Fortunately, the other doctor who came in to assist him was extremely helpful and acceptable in my constituent's practice, and that was particularly fortunate because my constituent, as a result of the second attack of pneumonia, became permanently unable to carry on his medical practice alone; that is to say, he is and will remain unable to give the whole of his time to his practice—on medical advice—and he will not be able to make night calls, etc.

In those circumstances, he was fortunately able to arrange that this colleague who had come as locum tenens should remain with him in partnership, and that arrangement was made and has been carried into effect. The consequence of his good fortune in immediately securing someone to assist him at the time of his first illness, and again in promptly securing the services of that gentleman at the time of his second illness, and of being able to arrange for him to stay permanently in partnership, was that my constituent's practice did not in fact suffer as it would have done had he not been able to secure anyone's services.

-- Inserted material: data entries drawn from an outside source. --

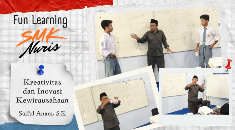 Pesantren Nuris – Pembelajaran mata pelajaran Kewirausahaan di SMK Nuris Jember terus dikembangkan dengan pendekatan yang kreatif dan menyenangkan. Salah satunya terlihat dalam kegiatan fun learning (Selasa, 20/1) yang disampaikan oleh Saiful Anam, S.E., kepada siswa kelas XI TKJ B. Bertempat di laboratorium komputer SMK Nuris Jember, pembelajaran tersebut berlangsung interaktif dengan menekankan pemahaman praktik dunia usaha secara kontekstual.
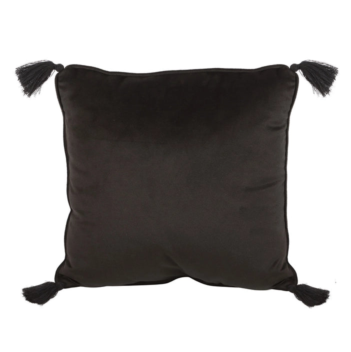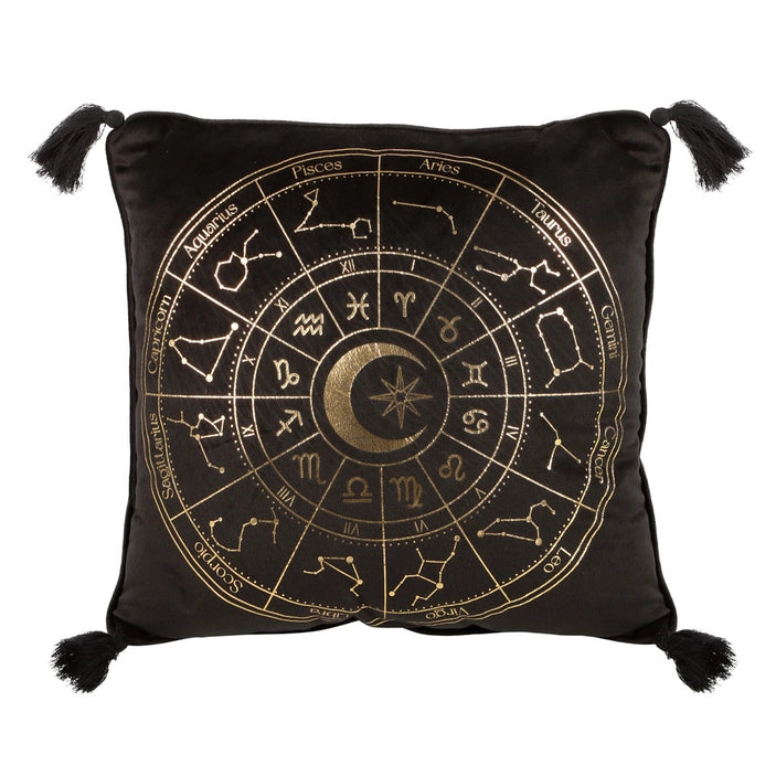 Add a touch of celestial elegance to the home with this Astrology Wheel square cushion. This black cushion features a metallic gold finish adorned with black tassels for a stylish and cosy addition to any room.
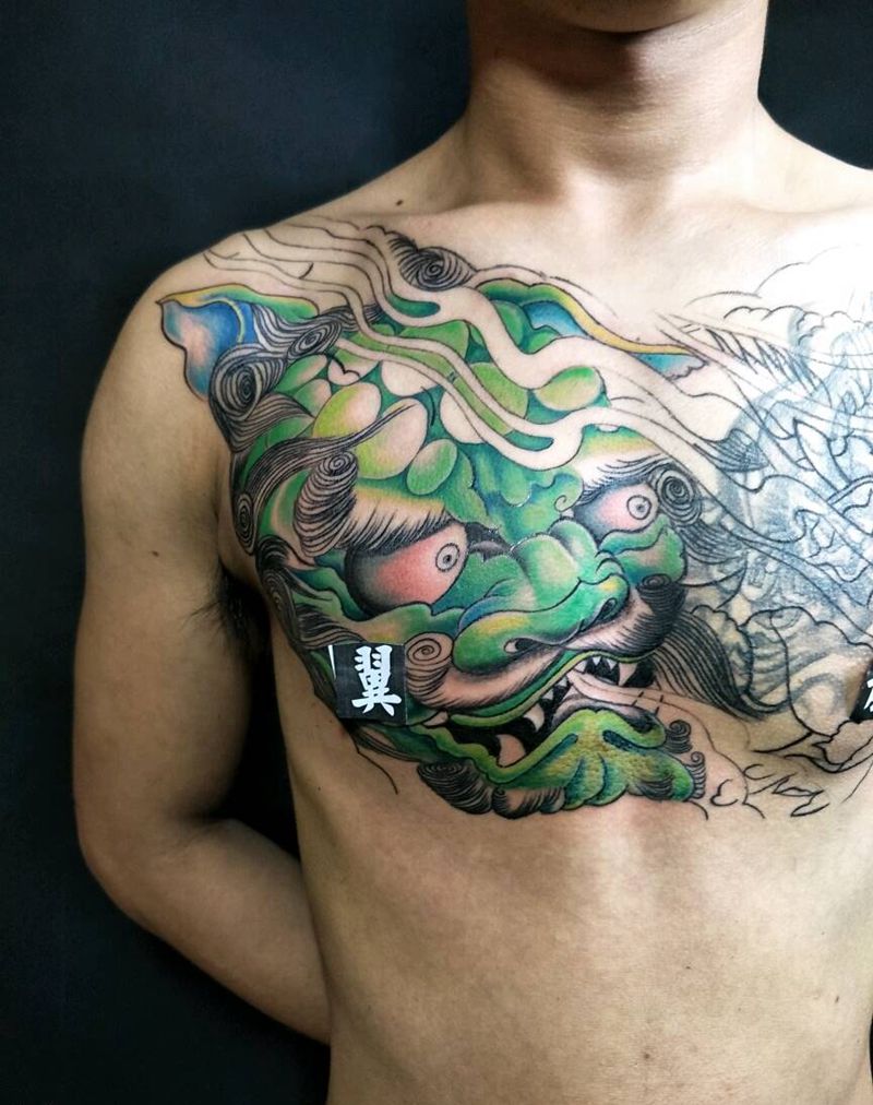 花胸福狮纹身图片_胸部传统动物静物鬼神成品手稿纹身图案
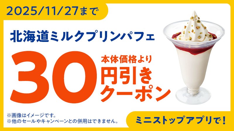 ミニストップは、北海道産生クリームと練乳の濃厚なミルク感のミルクプリンを使用した「北海道ミルクプリンパフェ」を、2025年11月21日(金)より、国内のミニストップ店舗にて発売します。真っ白なミルクプリンと「北海道ミルクソフト」を合わせ、真っ赤なフランボワーズソースと、鮮やかな緑色のピスタチオをトッピング。クリスマスが近づく季節にぴったりの、ワクワク感のあるパフェをお楽しみください。
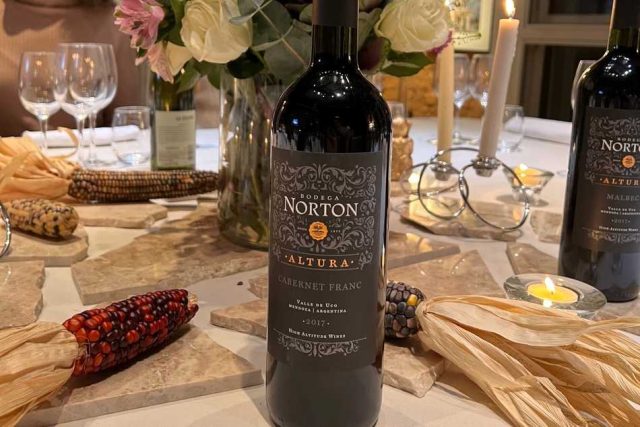 Algunos de los vinos de la bodega que se degustaron junto al menú de cuatro pasos fueron: Altura Malbec, Altura Cabernet Franc y Norton Grüner Veltliner.

In consequence of his making that partnership arrangement, certain expenses in relation to accommodation, both residential and surgical, had to be incurred, and onerous loans were in fact undertaken by him. In respect of these, he made an application to the Ministry of Health in December last, and that application I commended to my hon. Friend the Parliamentary Secretary to the Ministry. Unfortunately, his application was unsuccessful, and I was informed that two reasons were given as to why it was unsuccessful. The first was that from 1950 to 1956, his National Health Service list increased progressively from about 1,400 to about 2,450 patients. The second reason given to me was that he had described himself as being actively engaged in the practice, that being a declaration which a medical practitioner in the National Health Service has to make if he is to secure the full remuneration which the present scales allow.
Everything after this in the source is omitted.